Personal information
- Full name: Sergi Milà Herrero
- Date of birth: 8 June 1982 (age 44)
- Place of birth: Cerdanyola del Vallès, Spain

Team information
- Current team: Barcelona (staff)

Youth career
- Sants

Senior career*
- Years: Team / Apps / (Gls)
- Sants

Managerial career
- 2005–2006: Sants (assistant)
- 2006–2021: Barcelona (youth)
- 2021–2022: Cerdanyola B
- 2022–2023: Barberà Andalucía
- 2025: Barcelona B

= Sergi Milà =

Spanish football manager (born 1982)

Sergi Milà Herrero (born 8 June 1982) is a Spanish football manager and former player.

==Playing career==
Born in Cerdanyola del Vallès, Barcelona, Catalonia, Milà played for the youth sides of Sants, and managed to appear with the first team squad.

==Coaching career==
After being an assistant manager of Sants, Milà joined the structure of Barcelona in 2001, as a member of their football schools.
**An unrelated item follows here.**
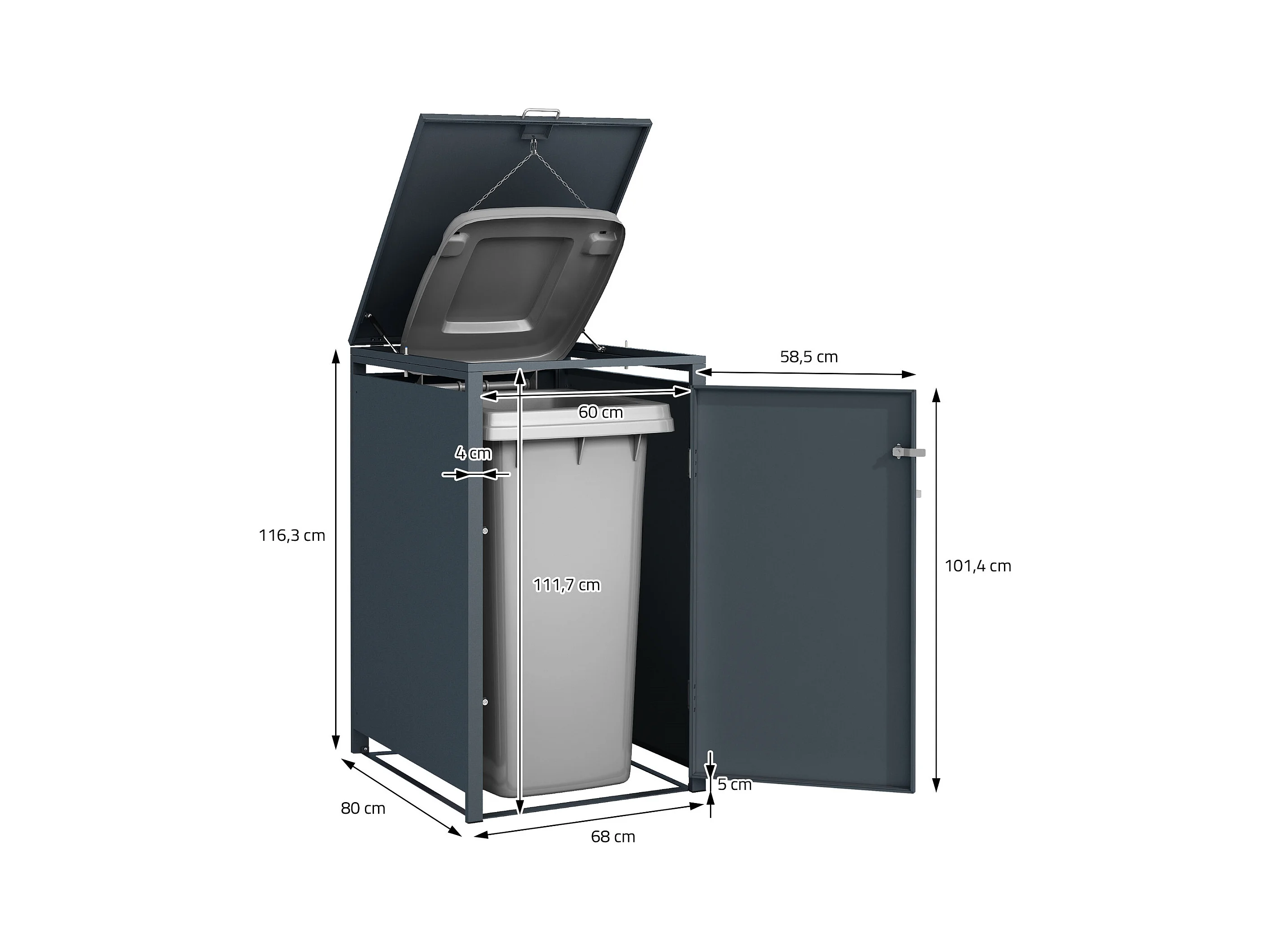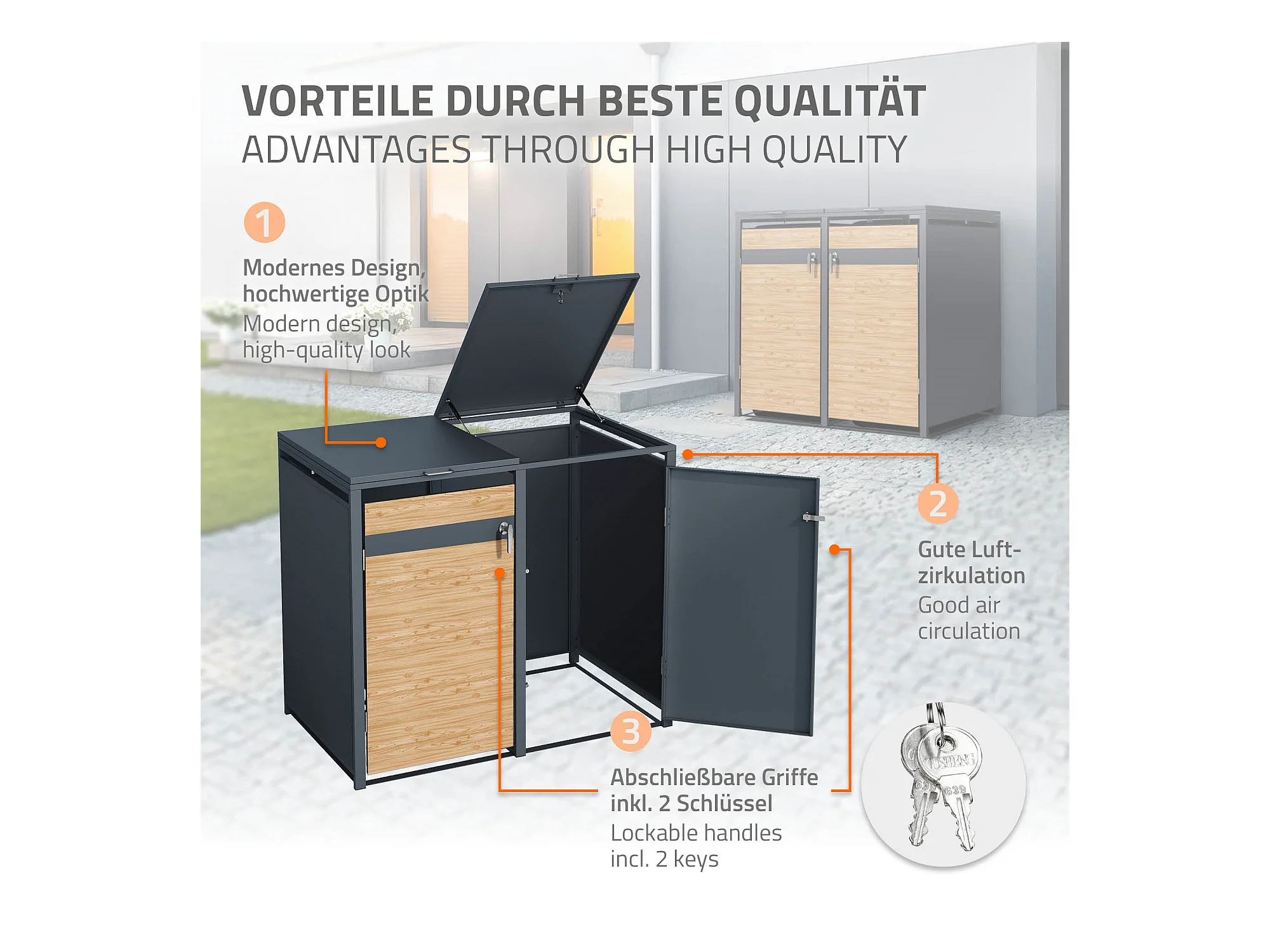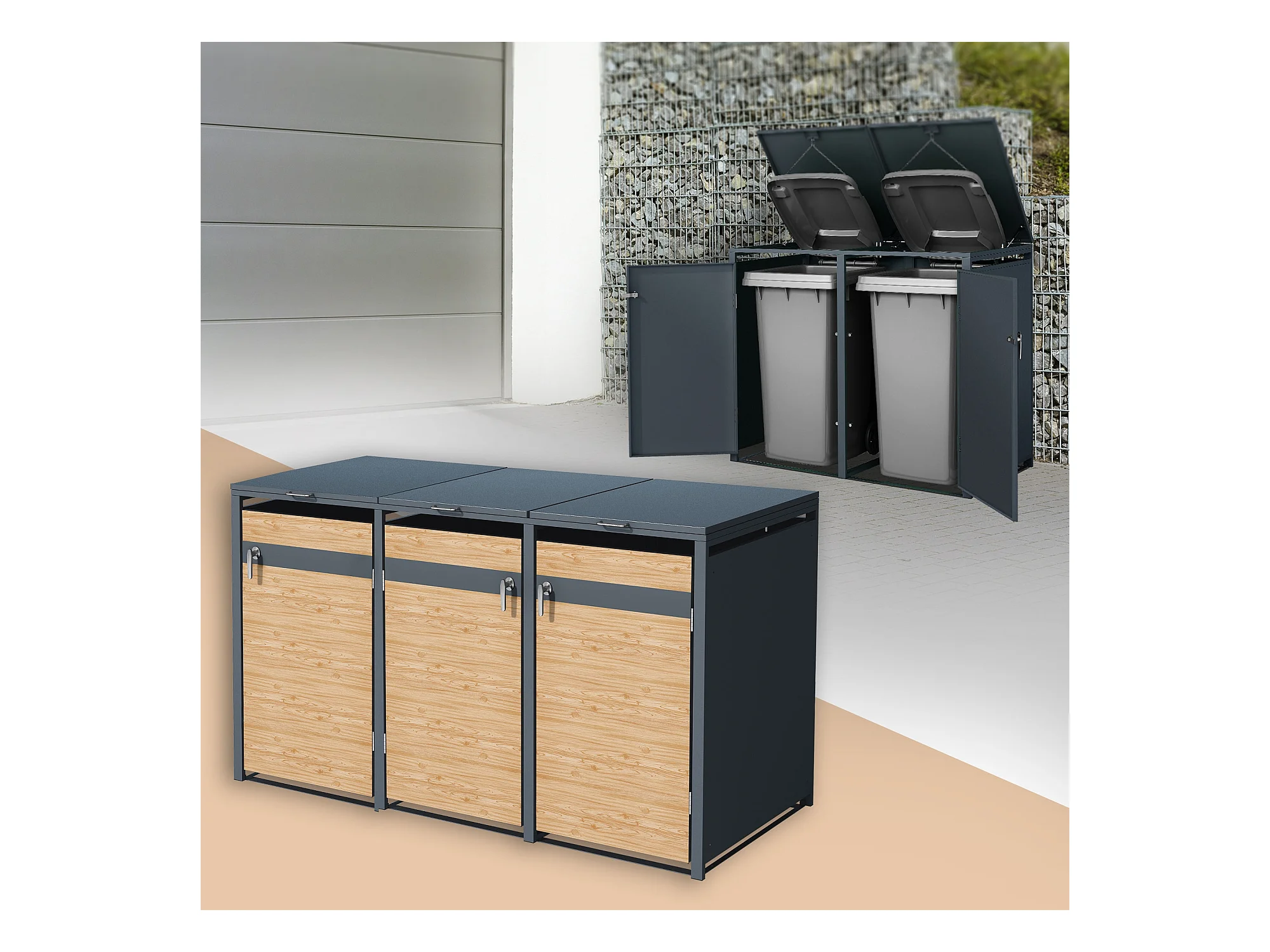 Abri pour 3 poubelles 200x80x116,3 cm capacité de 60L à 240L anthracite/aspect mélèze acier couvercle rabattable/3 portes résistant aux intempéries

In 2006, he was fully incorporated into the club's structure, after being appointed manager of the Benjamín A squad.

Milà coached several youth sides of Barça before being named at the helm of the Juvenil A team on 24 February 2021, replacing Franc Artiga. Later in that year, he became a youth coordinator and methodology director after Óscar López took over the Juvenil squad, and aside from working at Barcelona, also managed Cerdanyola's reserves in the Segona Catalana and subsequently Barberà Andalucía in the Tercera Catalana, achieving promotion with the latter.

On 25 February 2025, Milà was named manager of Barcelona B, with his antecessor Albert Sánchez being moved to the club's technical structure. On 30 May, after suffering relegation, he was replaced by Juliano Belletti and moved to the role of youth technical coordinator.